# Hows this setup sound



## h2o (May 30, 2006)

Hi also new here but ive been growing in soil for a while, now im trying my hand at hydroponics.

Well i started with this

2 10 gallon fish tanks
2 10" air stones
7 cups in each
1 big air pump
8 40w compact flourescents at 1600lumens each
perlite
exhaust fan
75*/ 65% humidity
5-10-5 water soluible fertilizer
ph levels vary from 6.4-6.8

how does this setup sound? this is a water culture system, I already germinated the seeds and planted them in the perlite, this is my second day hoping to see a sprout by the end of the week.  Any tips and advice is welcomed as this is my first try after lots of reading.  Also down where i'm from we dont have to much grow shops its either walmart or homedepot, so what else can i use as nutrients in the water? will the soil fertilizer break down enough in the water?


----------



## Biffdoggie (May 30, 2006)

Firstly, if you intend to go through the whole cycle in these cups you won't have enough room for roots, they will grow, and they may even stay alive until you finish but they will be very limited in size/vitality once the roots fill the cup, minus the space whatever medium you are going to use takes up. 
I'm not sure about using soil ferts. in hydro. I guess it would work but I would be concerned about knowing PPM levels and such before I used any. I would suggest ordering some nutes on-line. 
Ph of 6.8 is a bit high for my liking, I keep everything around 6.0 and usually don't have any problems. 
Do you intend to have the cups sitting in the water all the time as it bubbles? If so you will need to top feed them until they get roots to the depth of the water.


----------



## Stoney Bud (May 30, 2006)

h2o said:
			
		

> Hi also new here but ive been growing in soil for a while, now im trying my hand at hydroponics.


Hey h2o, good to meetcha. I love hydroponics man. Over the years, I've seen hundreds of systems in every flavor you could imagine.

Some work well, some fall on their butt. The systems that are constructed similarly to what you describe are only good for slow growing plants such as ornamentals.
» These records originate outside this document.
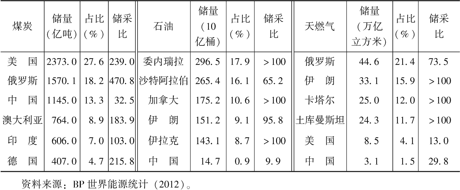 表4 主要能源生產(chǎn)國2011年能源產(chǎn)量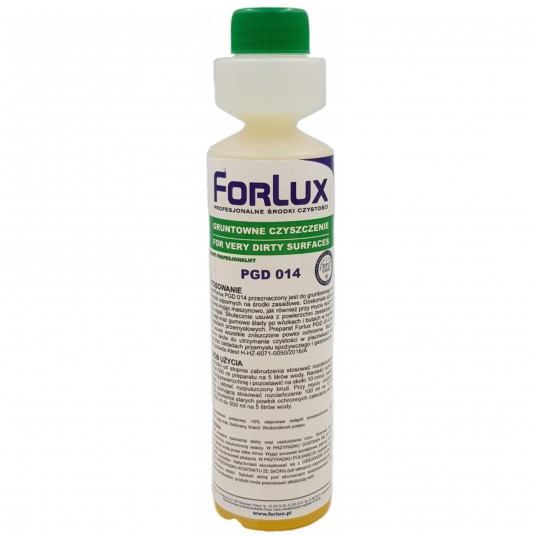 - Preparat Forlux PGD 014 przeznaczony jest do gruntownego mycia powierzchni maszyna szorującą, odpornych na środki zasadowe.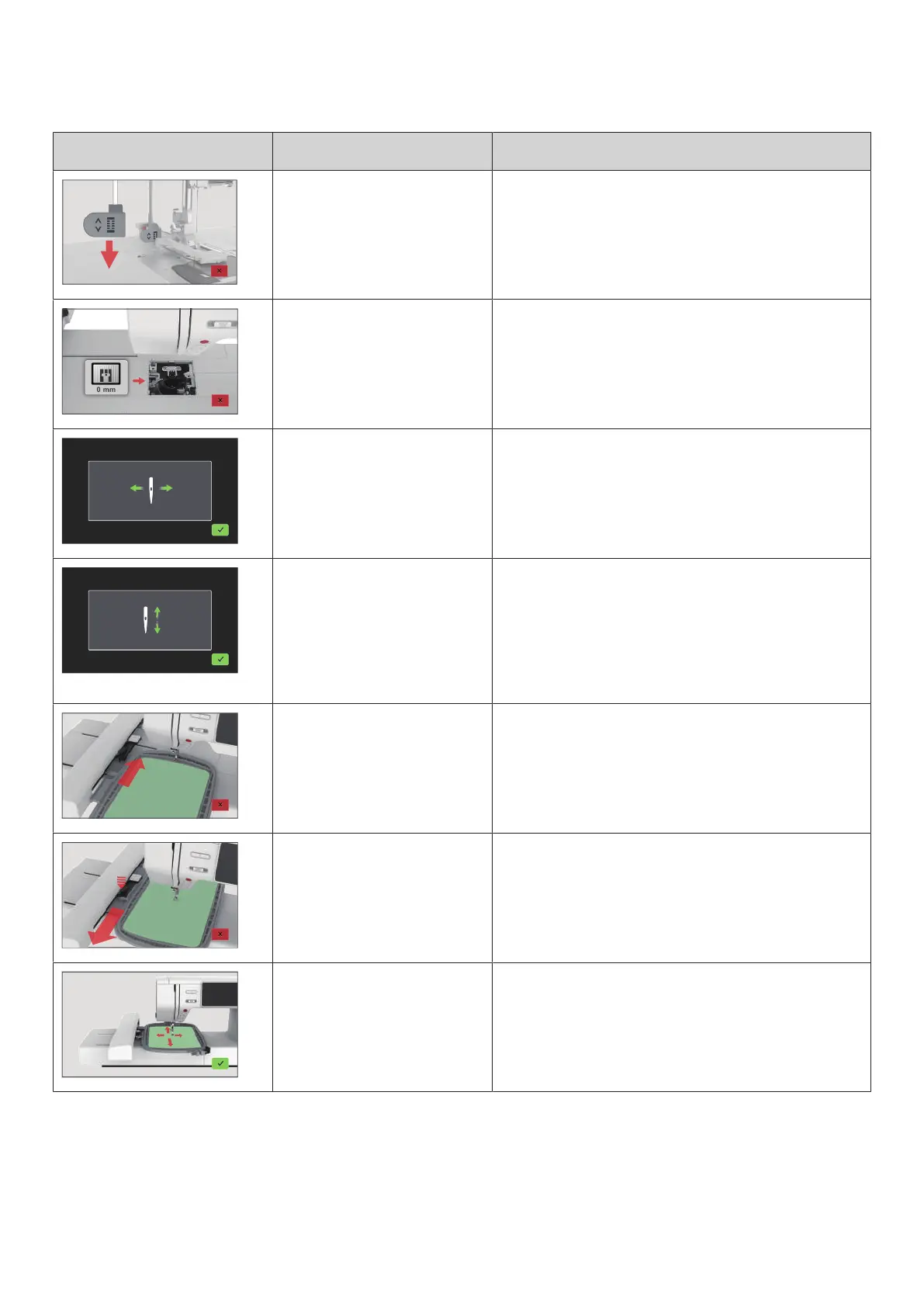 Needle moves sideways. When the stitch plate is being changed, this picture appears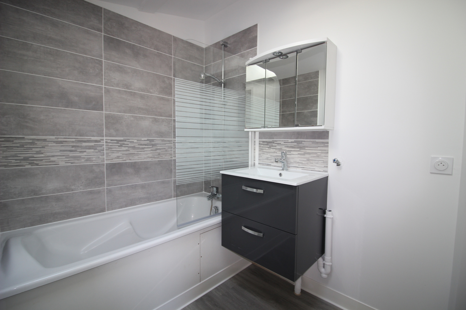 - RDC : Un appartement T2 de 47.39m² de surface loi Carrez avec terrasse , loué actuellement 560€ hors charges + 30 de provision. Chauffage par convecteurs électriques.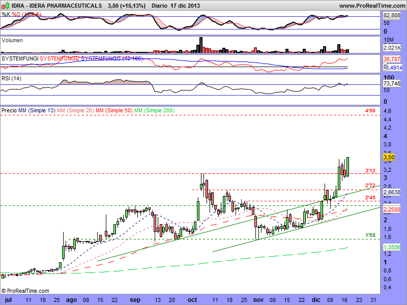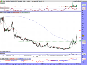 Este nuevo rally en el cual está inmerso ahora y una vez superada la primera resistencia que considero de importancia, coincidente con los anteriores máximos (3’12), puede llevar al precio a superar los 4’50 dólares por acción, ¡solo en principio!.

As the other person said, you're restricting the area for the root mass.

If you want to grow some weed using hydroponics, it's going to cost some bucks and it's got a learning curve that goes pretty much straight up.

Before you start, lets talk it over and refine your system in a manner that fits your budget and the type of hydro you want to use. Between all of us, we can have you a system that will grow some really nice weed and do so without risk and with the best bang for your buck in terms of weed output.

How's that sound?


----------



## Biffdoggie (May 30, 2006)

Stoney's right, there are a lot of different ways, some being more costly and effective than others,it osunds like you are handy and can probably put something together yourself, that will surely help with the cost.


----------



## h2o (May 31, 2006)

well over the past 2 days i did more reading, i found out they call this a bubbler system? anyways yes the cups do sit in the water all the time and the roots are supposed to poke through the bottom of the cups (i cut alot holes) I also found a store that has water soluble solution in alot of different variations. As far as my ph i did lower it to 6.2 using and ph variance i got from the same store( i mixed in too much nutes with the water). With this system do i need to water the top of the cups daily? i got this setup off of greenmanspage and i am going to be changing the water every 10 days, for vegetive growing im am using the flourescents but during flowering im going to use a 100w hps light. Also i did mask off the tanks so algae will not grow. and my temp droped to 80* with a 60% humidity. 

So can we work on this? whats some good pointers yall got? im all ears as most of you know way more then i do.

Forgot to mention that the cups are 9oz cups with big enough holes for the roots to poke through


----------



## purple_chronic (May 31, 2006)

mmm... i guess im all ear on this thread!!!! i thinking of hydroponics to but you know low budget i gotta try it sum time!!!!


----------



## h2o (May 31, 2006)

purple_chronic said:
			
		

> mmm... i guess im all ear on this thread!!!! i thinking of hydroponics to but you know low budget i gotta try it sum time!!!!


 
haha let me tell you this is not a low budget thing, soil was so much cheaper the only reason hydros is kinda cheap for me was because i already had most the stuff

but so far the if i bought everything it wouldve gone something like this

2x4x4' grow box - 80(for all the wood and screws and hinges and locks)
2 fish tanks - 20
bubbler - 10
air stones - 3
lines and check valves - 2
flourescent setup including bulbs - 100
hps light - 100
styrofoam - 10
cups - 5
timer - 10
exhaust fan - 20
thermometer/humidty - 10
ph tester - 10
nutes (so far) - 20
perlite - 4
------------
$404 and still growing with more nutes i buy and this is just for 14 plants


----------



## Stoney Bud (May 31, 2006)

The DWC or "Bubbler" systems work great from what I've seen. It sounds like you've already got your plan.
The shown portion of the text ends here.